The Supreme Court Has Raised Teaching Standards For Special Needs Students

Pupils are writing in their copybooks

The Supreme Court has unanimously raised education standards for students with disabilities around the United States. The 8-0 decision further specified teaching requirements, stating that a child’s “educational program must be appropriately ambitious in light of his circumstances” and “every child should have the chance to meet challenging objectives” whether they are learning in or out of regular education classrooms, The Washington Post reports.

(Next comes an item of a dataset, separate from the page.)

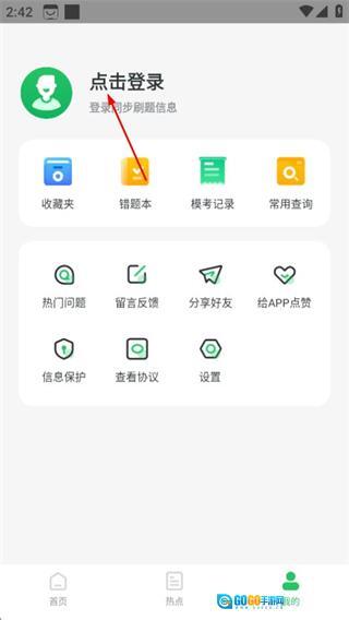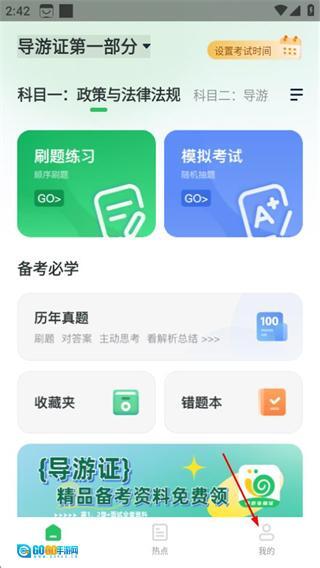 在导游证小牛题库的首页,点击右下角的“我的”选项,就能进入个人页面了。
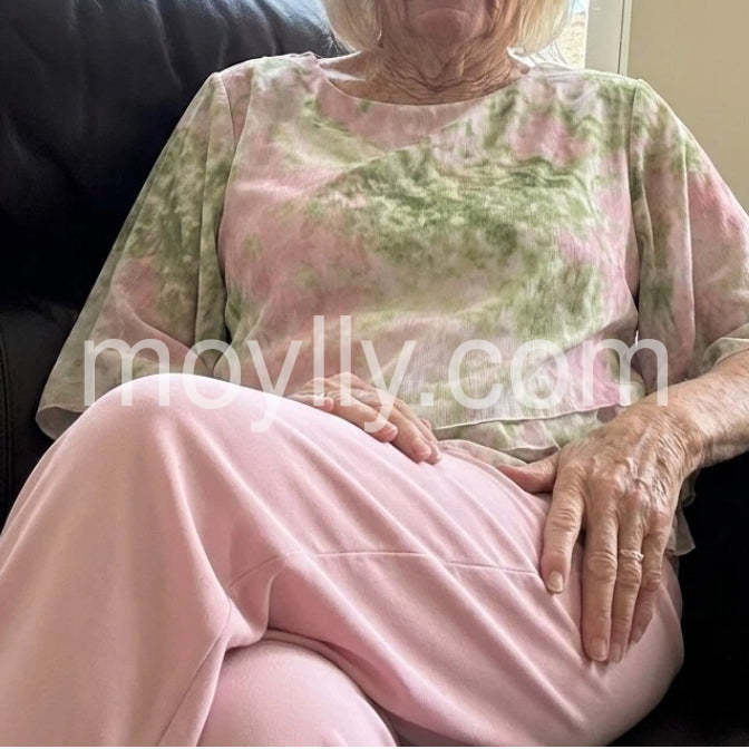 I bought this for my granddaughter's spring wedding and it was absolutely perfect. The pink and green watercolor top is so elegant, and the wide-leg pants are incredibly comfortable. I received compliments all day long.

The case began in a lower court, when parents of a child with autism and attention deficit disorder argued that the Colorado Department of Education should pay their son’s private school tuition, because the public school education was allegedly inadequate, The Atlantic reports. The courts ruled in favor of the school district, citing the Individuals with Disabilities Act (IDEA). The act ensures that children with special needs have “free appropriate public education.” When the case headed to the Supreme Court, the justices ruled in favor of the parents, further specifying IDEA.

A recent study showed that 96% of parents believe that proper instruction can make up for the limitations of a learning disability. The Supreme Court seems to agree. The court’s ruling eliminates the possibility of a blanket IEP, or Individual Education Plan. The Atlantic reports that educators are now fully required to base an IEP off of individual strengths and weaknesses, fostering an opportunity for actual academic improvement.

Chief Justice John Roberts signed the opinion of the case, which read, “It cannot be right that the IDEA generally contemplates grade-level advancement for children with disabilities who are fully integrated in the regular classroom, but is satisfied with barely more than de minimis progress for children who are not.”

In the United States, there are approximately 5.5 million students enrolled in private schools, according to the National Center for Education. This compares to the about 50.4 million students enrolled in public schools. Because of this ruling, students learning in both systems should have equal opportunity for advancement.

“The impact will be positive,” Lindsay Jones, a vice president of the National Center for Learning Disabilities said in a statement to The Atlantic. “The court clearly states that special-education children shouldn’t just be in the room. They must advance appropriately.”